3-  The issuer must be a bonafide Salam seller and does not deal only in monetary debts:

This means that the corporation must be ready to deliver the sold goods to all the holders of these certificates at maturity. This scheme must include stringent conditions and penalties on the corporation if more certificates are issued than corporation’s ability to deliver. Certainly the corporation can sell its own production on Salam basis.

         This may be an important difference between Salam certificates and conventional bonds i.e. having a self restraining mechanism that forbids the corporation from over issuance of these debt instrument. Certainly the corporation can always buy from the open market  at maturity and deliver to holder. However, there has to be some automatic penalties if corporation over-issue these certificates.

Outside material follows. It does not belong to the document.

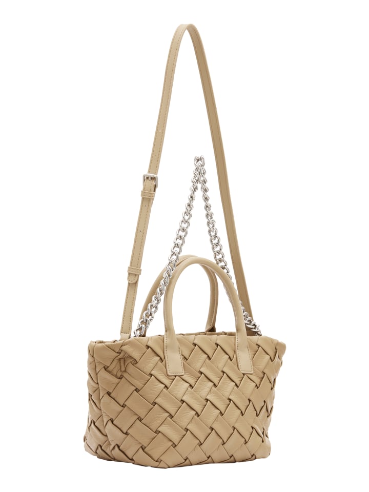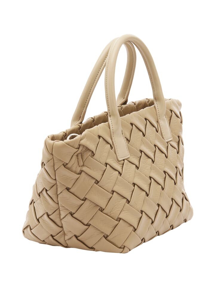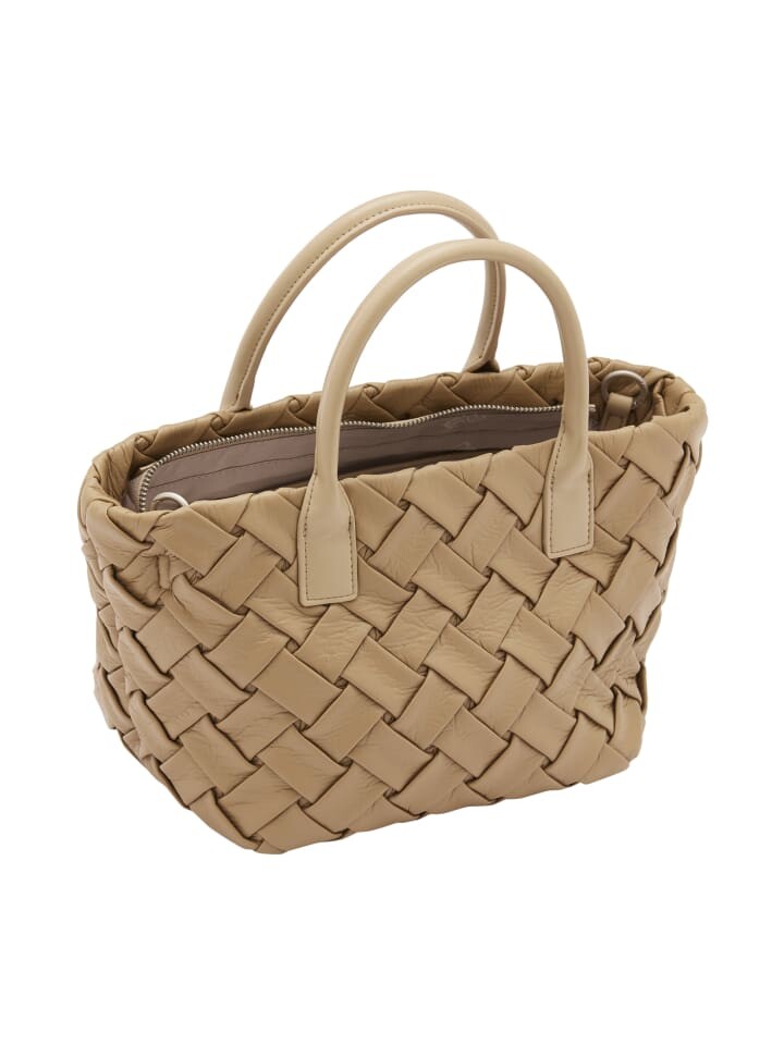 Эта сумка с характерной тканой текстурой, напоминающей корзину, отличается элегантным дизайном, излучающим мастерство ручной работы. Его широкое овальное основание сужается кверху и предлагает просторное основное отделение для всех необходимых вещей. Сумка оснащена двумя прочными ручками, прикрепленными к верхнему краю, для удобного ношения в руке или на предплечье.

      Operationlization of these checks is not easy, one possibility could be in form of automatic increase in the value of the certificate over and above the market price of the underlying asset. Without such mechanism, the corporation obligation will be inflated way beyond its ability to deliver  which will make the whole scheme a failure since it will end-up a conventional debt instrument.

   Clearly our suggestion of penalty goes against the basic Shari’ah rule of Salam. It is not permitted that the seller, in case of failure to deliver, compensate the creditor for any thing above the nominal value. But if this is not adopted, it will create an incentive on the part of corporation to always fail to deliver. This penalty is essential to the successful operation of the scheme.

   On the other hand, an amount over and above the nominal value is riba. To mitigate this two possible solution may be adopted:

-  The amount, though is higher in value, is paid in different commodity but not in money.

-  The amount over and above the nominal value is clearly distinguished and paid to a charity. It will not be very effective if this is done by the corporation. Hence the scheme should include mechanisms to effectively enforce this.

4-  The commodities which are subject of this instrument ought to be internationally traded goods. This is not a Shari’ah requirement but it is a restriction introduced to make sure that no exploitation is exercised by any of the parties involved through manipulation of prices. This will not be difficult because the eligible goods for Salam contracts are only fungibles. The price of these goods is international by nature. Except in closed economics, the world price of oil, steel, aluminum imposes itself on the local markets. This will introduce the organizational aspect of the market and the flow of information about expected prices in the future which are very important in this regard.

        

Holders appoint an agent to sell their goods:

Like any other market, investors (unlike consumers) are interested in profit not in the actual delivery of the underlying commodities. Although this profit has, for Shari’ah purpose, to be generated from genuine commercial transaction via the purchase and resale of a commodity, there is nothing in Shari’ah that requires the buyer himself to exercise the sale of these goods. This scheme will be more successful and a whole lot more efficient, if a general agent is appointed to receive, on behalf of all or some holders of these certificates, delivery from the corporation and sell, for the benefit of these holders, in the open market at going prices. This agent may charge a percentage of the nominal value of each certificate. This agent (or agents) can also take care of channeling the amount which is due from penalties to charitable purposes which was mentioned above.

 

References:

  

- Jolian Walmsley

The New Financial Instruments

New York, John Wiley and Sons, 1988.

 

- Frank Fabozzi and Atsuo Konishi (ed.)

The Hand book of Asset/Liability management

New York, Times Mirror, 1996.

 

- Mohamed Ali Elgari.

 The Salam Instrument,

 IDB, IRTI.

 

- Franklin Allen and Douglas Gale

Financial innovation and risk sharing

London, the MIT press, 1994.

 

- Hand book of modern finance

Dennis E. Logue (Editor)

Boston, Warren, Gorham & Lamont, 1996.